> _Data supplied_:
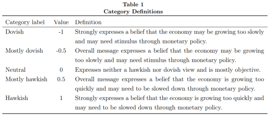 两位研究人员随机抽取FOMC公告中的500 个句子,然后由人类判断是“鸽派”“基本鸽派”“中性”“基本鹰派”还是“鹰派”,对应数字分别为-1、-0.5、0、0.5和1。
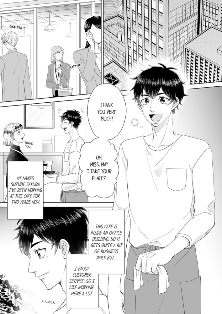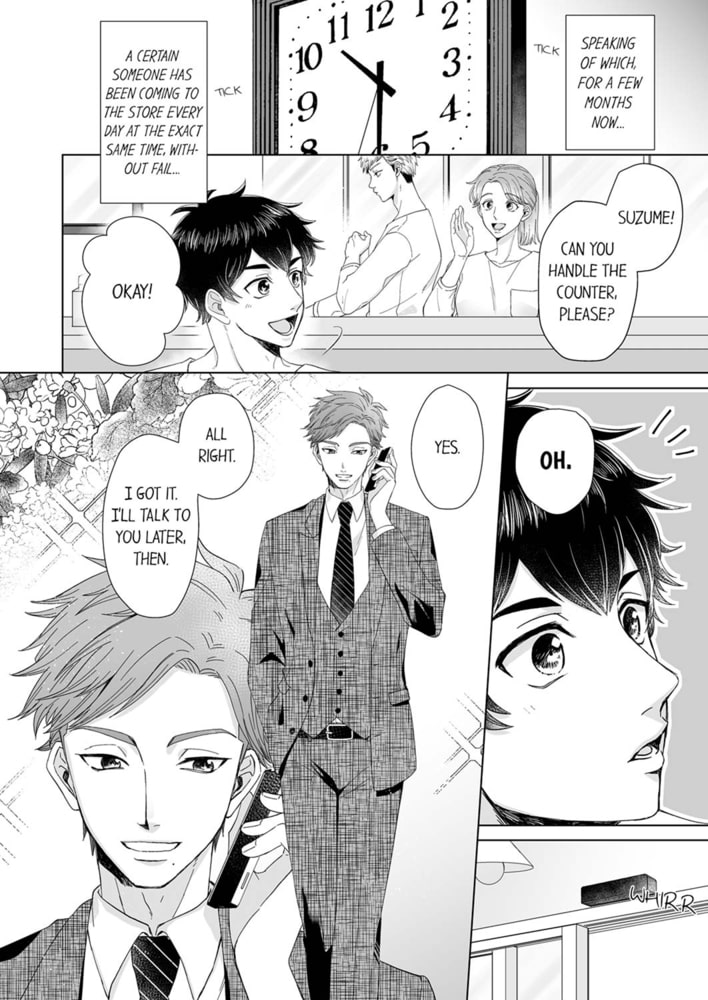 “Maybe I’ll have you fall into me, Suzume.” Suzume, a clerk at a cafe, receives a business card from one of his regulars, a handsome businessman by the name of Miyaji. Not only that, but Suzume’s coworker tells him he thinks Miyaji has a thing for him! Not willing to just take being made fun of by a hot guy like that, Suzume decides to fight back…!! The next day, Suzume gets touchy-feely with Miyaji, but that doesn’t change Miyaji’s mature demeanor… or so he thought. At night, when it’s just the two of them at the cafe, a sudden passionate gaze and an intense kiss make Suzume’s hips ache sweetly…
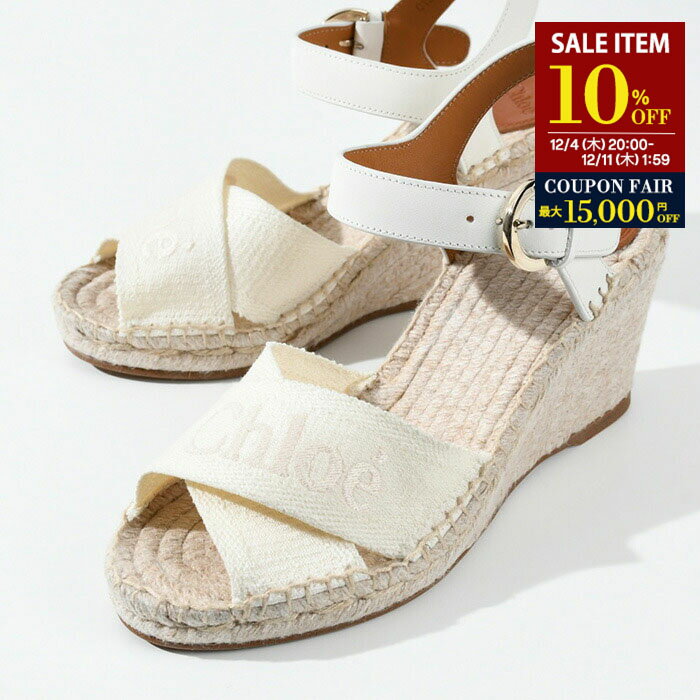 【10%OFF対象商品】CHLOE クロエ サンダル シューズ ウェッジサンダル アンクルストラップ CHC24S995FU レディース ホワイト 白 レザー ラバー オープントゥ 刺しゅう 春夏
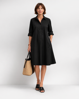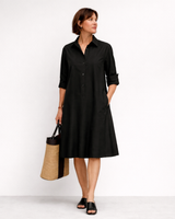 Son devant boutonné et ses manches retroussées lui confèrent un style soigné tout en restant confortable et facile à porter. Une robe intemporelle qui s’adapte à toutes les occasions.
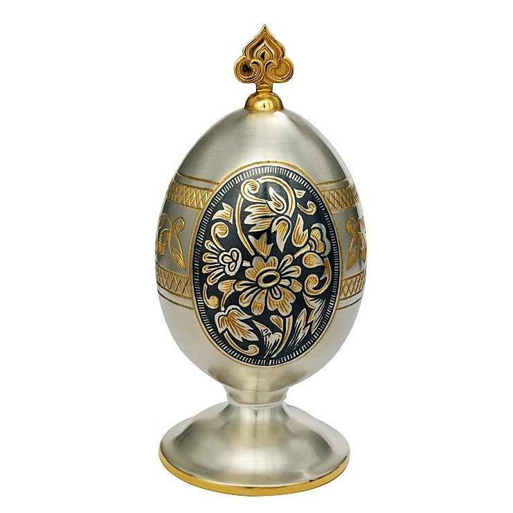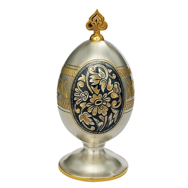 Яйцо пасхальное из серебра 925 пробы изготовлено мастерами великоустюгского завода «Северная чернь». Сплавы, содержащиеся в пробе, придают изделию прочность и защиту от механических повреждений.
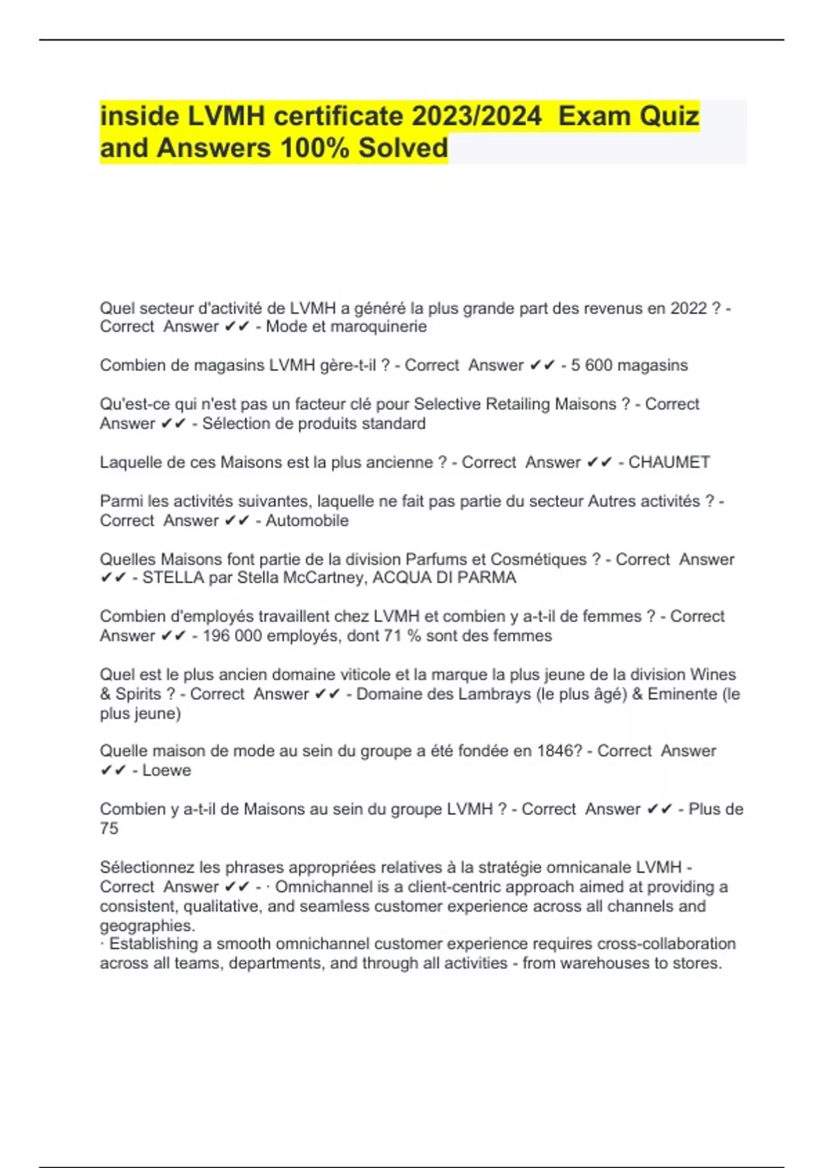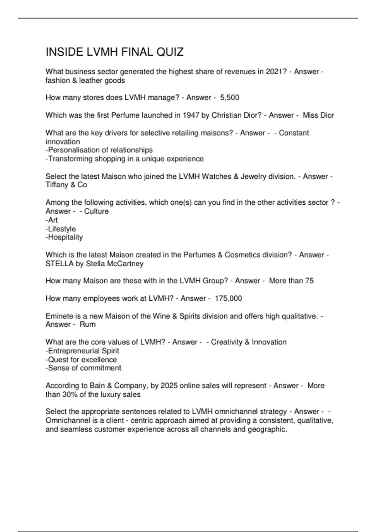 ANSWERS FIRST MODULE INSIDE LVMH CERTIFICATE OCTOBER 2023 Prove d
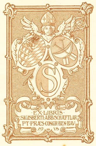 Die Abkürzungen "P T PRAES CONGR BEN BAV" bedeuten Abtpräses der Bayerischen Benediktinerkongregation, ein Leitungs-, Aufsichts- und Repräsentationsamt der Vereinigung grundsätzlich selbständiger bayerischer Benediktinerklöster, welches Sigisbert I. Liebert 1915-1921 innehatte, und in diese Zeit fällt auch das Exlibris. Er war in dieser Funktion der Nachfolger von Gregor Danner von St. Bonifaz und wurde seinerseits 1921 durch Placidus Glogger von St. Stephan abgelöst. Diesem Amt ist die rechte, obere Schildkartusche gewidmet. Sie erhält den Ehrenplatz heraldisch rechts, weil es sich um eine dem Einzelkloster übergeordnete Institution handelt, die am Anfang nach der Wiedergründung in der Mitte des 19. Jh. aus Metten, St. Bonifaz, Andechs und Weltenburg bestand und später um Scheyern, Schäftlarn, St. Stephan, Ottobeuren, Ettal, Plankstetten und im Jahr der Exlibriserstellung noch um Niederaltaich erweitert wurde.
---
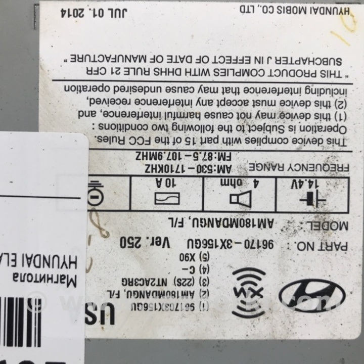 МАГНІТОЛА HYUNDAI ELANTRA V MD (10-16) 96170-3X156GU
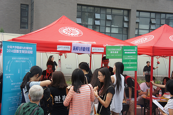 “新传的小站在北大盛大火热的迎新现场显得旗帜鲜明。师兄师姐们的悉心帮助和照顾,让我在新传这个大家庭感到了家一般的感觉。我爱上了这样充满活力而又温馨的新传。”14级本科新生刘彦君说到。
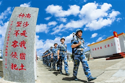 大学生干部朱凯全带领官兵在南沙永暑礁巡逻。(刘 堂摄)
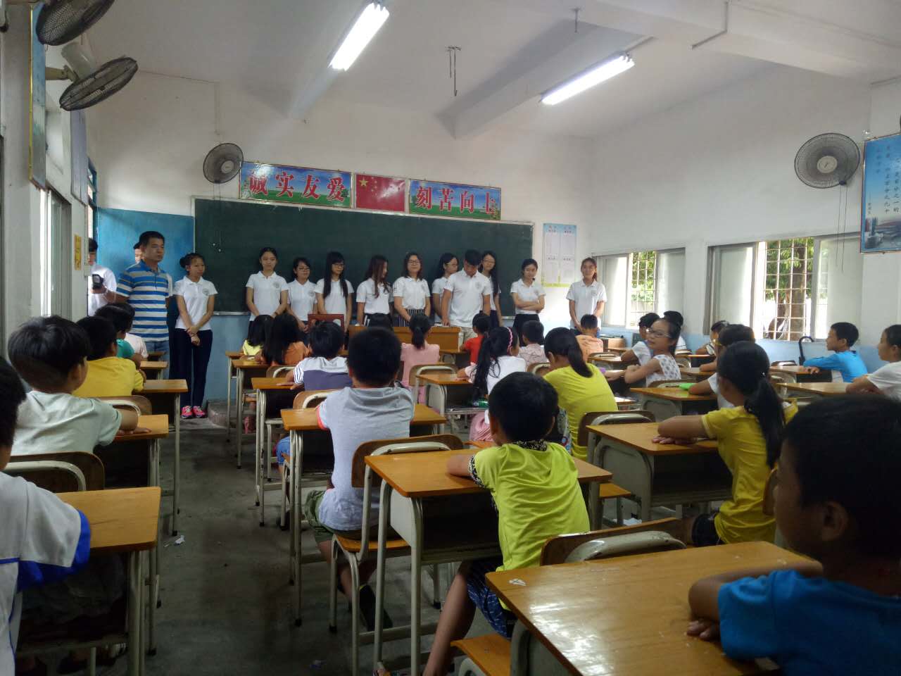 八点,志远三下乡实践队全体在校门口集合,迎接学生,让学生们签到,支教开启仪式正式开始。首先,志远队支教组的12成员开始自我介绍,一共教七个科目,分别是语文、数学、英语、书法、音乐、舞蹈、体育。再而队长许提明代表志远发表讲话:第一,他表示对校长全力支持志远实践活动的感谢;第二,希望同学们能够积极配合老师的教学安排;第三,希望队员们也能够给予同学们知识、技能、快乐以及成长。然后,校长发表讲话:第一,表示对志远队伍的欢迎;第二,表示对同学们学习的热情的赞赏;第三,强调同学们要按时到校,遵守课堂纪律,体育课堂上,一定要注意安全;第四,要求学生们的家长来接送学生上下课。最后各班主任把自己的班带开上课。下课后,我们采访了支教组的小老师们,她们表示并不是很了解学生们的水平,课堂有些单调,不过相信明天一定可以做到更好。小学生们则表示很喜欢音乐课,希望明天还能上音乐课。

> _What to produce_: Excluding any pictures, print exactly the lines of the listing above from the line with "ANSWERS FIRST MODULE" to the line with "Niederaltaich erweitert wurde.", both ends included.

> _Finished exercise_:
 ANSWERS FIRST MODULE INSIDE LVMH CERTIFICATE OCTOBER 2023 Prove d
 Die Abkürzungen "P T PRAES CONGR BEN BAV" bedeuten Abtpräses der Bayerischen Benediktinerkongregation, ein Leitungs-, Aufsichts- und Repräsentationsamt der Vereinigung grundsätzlich selbständiger bayerischer Benediktinerklöster, welches Sigisbert I. Liebert 1915-1921 innehatte, und in diese Zeit fällt auch das Exlibris. Er war in dieser Funktion der Nachfolger von Gregor Danner von St. Bonifaz und wurde seinerseits 1921 durch Placidus Glogger von St. Stephan abgelöst. Diesem Amt ist die rechte, obere Schildkartusche gewidmet. Sie erhält den Ehrenplatz heraldisch rechts, weil es sich um eine dem Einzelkloster übergeordnete Institution handelt, die am Anfang nach der Wiedergründung in der Mitte des 19. Jh. aus Metten, St. Bonifaz, Andechs und Weltenburg bestand und später um Scheyern, Schäftlarn, St. Stephan, Ottobeuren, Ettal, Plankstetten und im Jahr der Exlibriserstellung noch um Niederaltaich erweitert wurde.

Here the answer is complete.